[EXERCISE OBJECTIVE]: Go to the line in the entries below that holds "ويحتل فريق برشلونة" and repeat exactly from there through the line that holds "2017年属鸡 🦢 的八 🐈 字命 🌷 运", inclusive.

[ENTRIES SHOWN]:
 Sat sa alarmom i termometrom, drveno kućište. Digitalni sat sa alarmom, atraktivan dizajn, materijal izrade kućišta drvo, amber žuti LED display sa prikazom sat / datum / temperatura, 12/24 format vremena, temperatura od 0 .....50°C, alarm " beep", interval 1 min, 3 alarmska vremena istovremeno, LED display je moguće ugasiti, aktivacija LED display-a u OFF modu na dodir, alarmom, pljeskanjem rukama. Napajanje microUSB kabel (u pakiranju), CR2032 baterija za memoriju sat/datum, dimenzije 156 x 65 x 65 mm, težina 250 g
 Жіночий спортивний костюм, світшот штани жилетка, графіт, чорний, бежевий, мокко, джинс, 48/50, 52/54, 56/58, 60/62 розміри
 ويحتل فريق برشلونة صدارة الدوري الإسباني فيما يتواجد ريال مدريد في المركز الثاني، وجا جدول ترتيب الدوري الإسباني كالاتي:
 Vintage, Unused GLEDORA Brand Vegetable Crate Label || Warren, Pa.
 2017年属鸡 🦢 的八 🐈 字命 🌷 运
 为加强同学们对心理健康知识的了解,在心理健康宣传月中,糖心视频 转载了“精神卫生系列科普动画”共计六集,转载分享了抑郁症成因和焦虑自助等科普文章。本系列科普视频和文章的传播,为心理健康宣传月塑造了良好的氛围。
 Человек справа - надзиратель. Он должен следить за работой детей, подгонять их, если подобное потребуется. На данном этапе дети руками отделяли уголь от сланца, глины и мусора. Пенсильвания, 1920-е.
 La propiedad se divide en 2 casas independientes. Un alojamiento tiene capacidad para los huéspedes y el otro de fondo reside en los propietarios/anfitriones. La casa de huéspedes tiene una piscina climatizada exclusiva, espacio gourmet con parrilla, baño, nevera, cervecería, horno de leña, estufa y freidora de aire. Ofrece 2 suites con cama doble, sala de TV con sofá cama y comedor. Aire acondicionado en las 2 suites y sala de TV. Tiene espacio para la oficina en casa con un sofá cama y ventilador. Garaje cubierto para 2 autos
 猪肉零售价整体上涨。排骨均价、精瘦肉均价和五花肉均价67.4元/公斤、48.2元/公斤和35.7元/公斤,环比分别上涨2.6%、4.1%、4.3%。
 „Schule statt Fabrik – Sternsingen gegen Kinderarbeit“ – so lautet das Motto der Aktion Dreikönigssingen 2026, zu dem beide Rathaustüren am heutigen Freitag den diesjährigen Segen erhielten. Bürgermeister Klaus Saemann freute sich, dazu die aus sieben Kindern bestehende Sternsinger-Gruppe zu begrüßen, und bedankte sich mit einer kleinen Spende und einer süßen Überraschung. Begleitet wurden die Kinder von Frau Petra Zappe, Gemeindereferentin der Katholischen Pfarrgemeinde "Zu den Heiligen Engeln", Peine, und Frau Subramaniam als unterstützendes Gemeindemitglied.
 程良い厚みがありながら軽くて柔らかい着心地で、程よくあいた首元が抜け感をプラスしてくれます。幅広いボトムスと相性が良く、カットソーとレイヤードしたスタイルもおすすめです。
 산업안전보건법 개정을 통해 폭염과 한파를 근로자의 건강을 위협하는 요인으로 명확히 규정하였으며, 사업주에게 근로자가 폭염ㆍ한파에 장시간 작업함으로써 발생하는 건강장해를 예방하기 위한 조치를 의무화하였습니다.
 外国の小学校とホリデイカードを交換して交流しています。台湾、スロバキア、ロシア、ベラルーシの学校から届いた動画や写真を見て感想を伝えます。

==

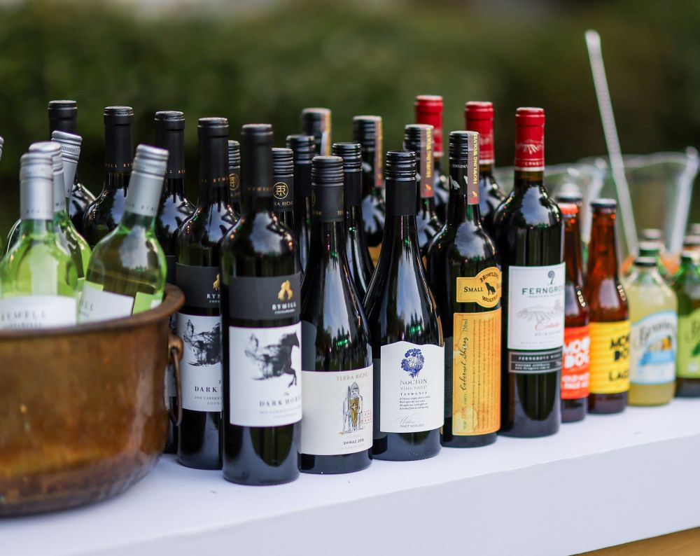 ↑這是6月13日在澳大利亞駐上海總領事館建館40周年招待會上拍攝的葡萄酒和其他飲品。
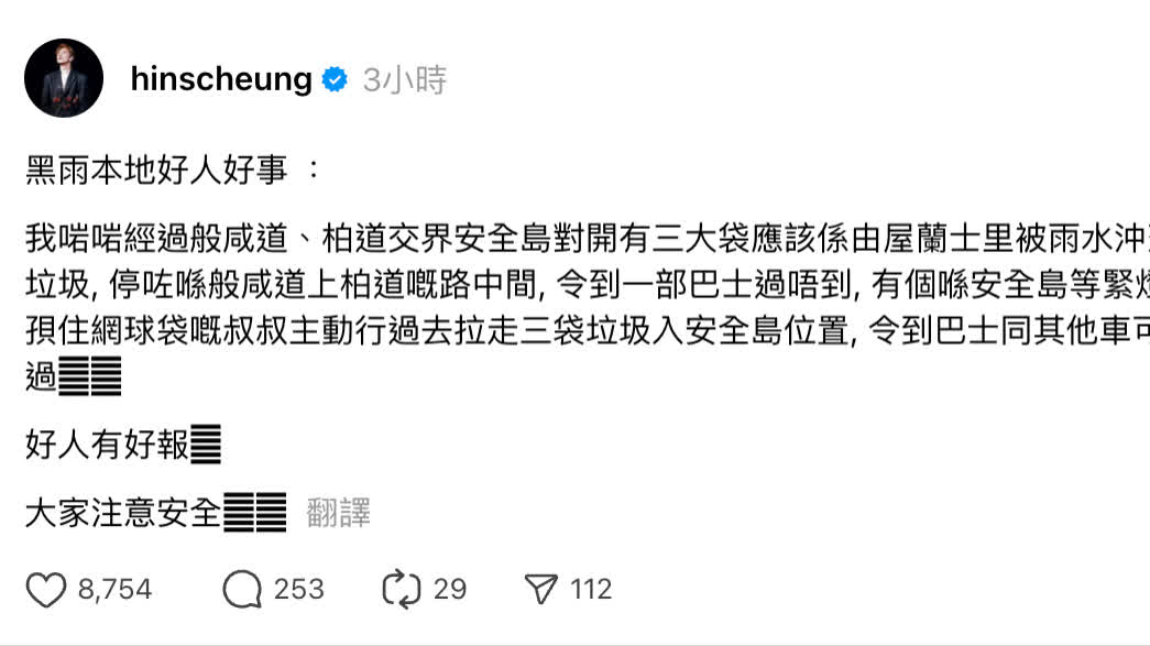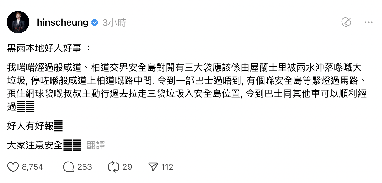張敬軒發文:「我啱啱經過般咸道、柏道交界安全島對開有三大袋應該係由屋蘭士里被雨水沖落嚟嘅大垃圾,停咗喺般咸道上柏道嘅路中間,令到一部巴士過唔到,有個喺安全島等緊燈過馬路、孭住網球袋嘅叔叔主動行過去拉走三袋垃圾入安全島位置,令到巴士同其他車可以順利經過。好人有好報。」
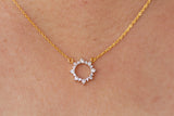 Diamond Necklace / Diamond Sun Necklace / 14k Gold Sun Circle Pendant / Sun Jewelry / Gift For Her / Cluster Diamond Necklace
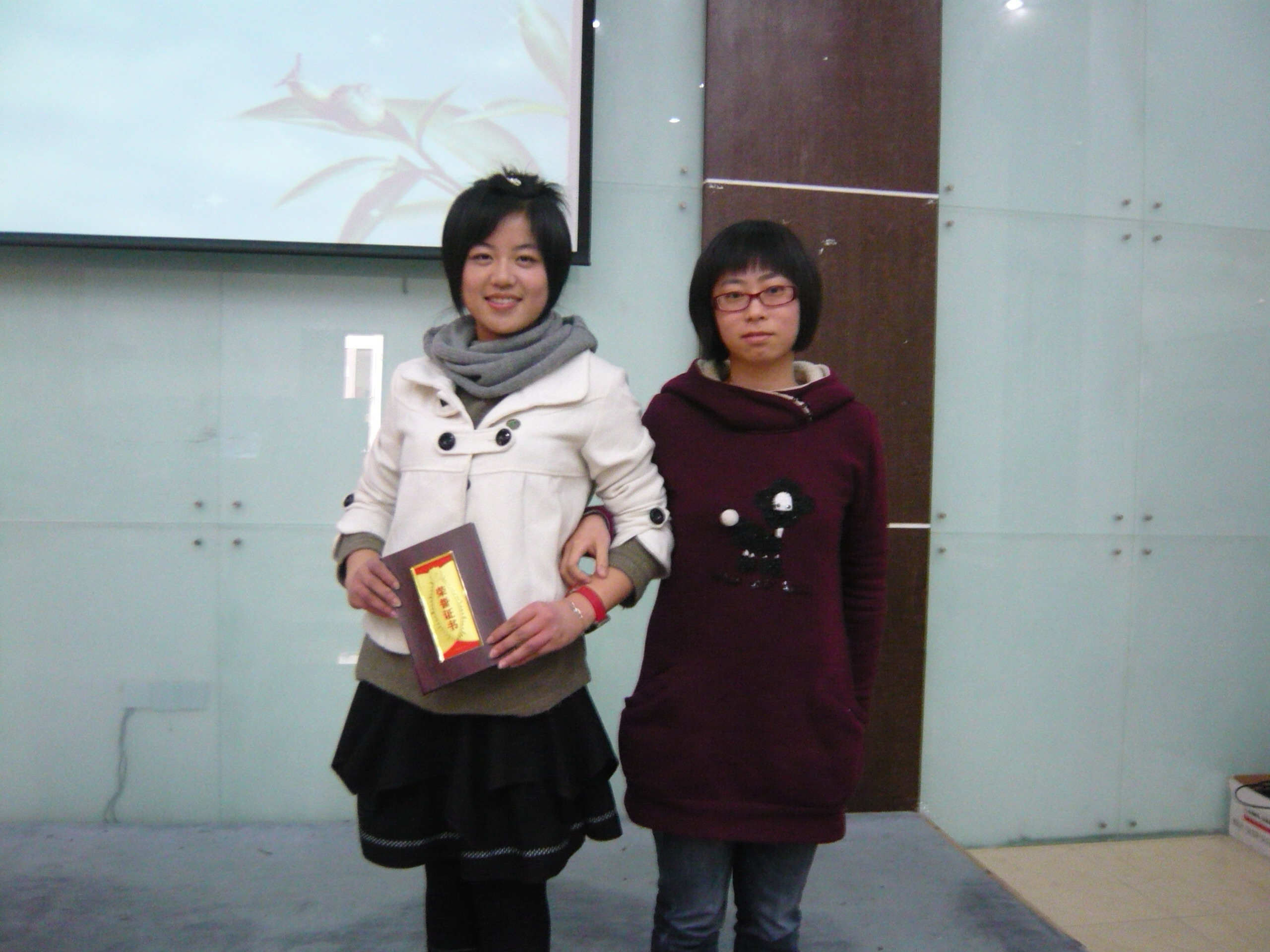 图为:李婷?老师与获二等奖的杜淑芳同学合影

[TASK ANSWER]:
 ويحتل فريق برشلونة صدارة الدوري الإسباني فيما يتواجد ريال مدريد في المركز الثاني، وجا جدول ترتيب الدوري الإسباني كالاتي:
 Vintage, Unused GLEDORA Brand Vegetable Crate Label || Warren, Pa.
 2017年属鸡 🦢 的八 🐈 字命 🌷 运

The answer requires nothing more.